17th-century genre of musical composition

Sonata da chiesa (Italian: "church sonata") is a 17th-century genre of musical composition for one or more melody instruments and is regarded as an antecedent of later forms of 18th-century instrumental music. It generally comprises four movements, typically a largo prelude followed by a fugal allegro, an expressive slow movement, and an allegro finale, although there are also many variations of this pattern.

During the 17th century, church services were increasingly accompanied by music for ensembles rather than solo organ, with canzonas and sonatas regularly substituted for the Proper during Mass and Vespers. Many of these works, however, were not written explicitly as liturgical music and were often performed as concert pieces for entertainment. The term sonata da chiesa was originally used in its literal meaning of "church music", but later came to be used figuratively to contrast this genre of composition with the sonata da camera, which literally meant "chamber music", but generally comprised a suite of dances.

The exemplary works in this form are by Arcangelo Corelli, whose Op. 1 (1681) and Op. 3 (1689) each consist of 12 trio sonatas with alternating slow-fast-slow-fast movements (the first 8 of the Twelve concerti grossi, Op. 6, follow this pattern as well). This four movement scheme is followed in J. S. Bach's three sonatas for unaccompanied violin, in the first five of his six sonatas for violin and obbligato harpsichord and in the first two of his three sonatas for viola da gamba and obbligato harpsichord.

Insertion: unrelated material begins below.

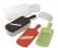 A Kyocera kerámia szeletelő szett tartalmaz 1 darab állítható szeletelőt, 1 darab "Julienne" szeletelőt, 1 darab műanyag reszelőt és 1 darab kézvédőt, mindez egy formatervezett dobozban tárolható, ami szeleteléskor gyűjtő dobozként is használható, így a szeletelt zöldség, gyümölcs, sajt nem szóródik szét.

By the mid-18th century, however, this style of music was increasingly out of date, although Joseph Haydn, for example, did compose a few early symphonies that followed the largo–allegro–minuet–allegro pattern.

Wolfgang Amadeus Mozart also composed 17 works that are called "church sonatas", but these consisted of but a single movement for organ and strings to be played between the Epistle and the Gospel of the Mass.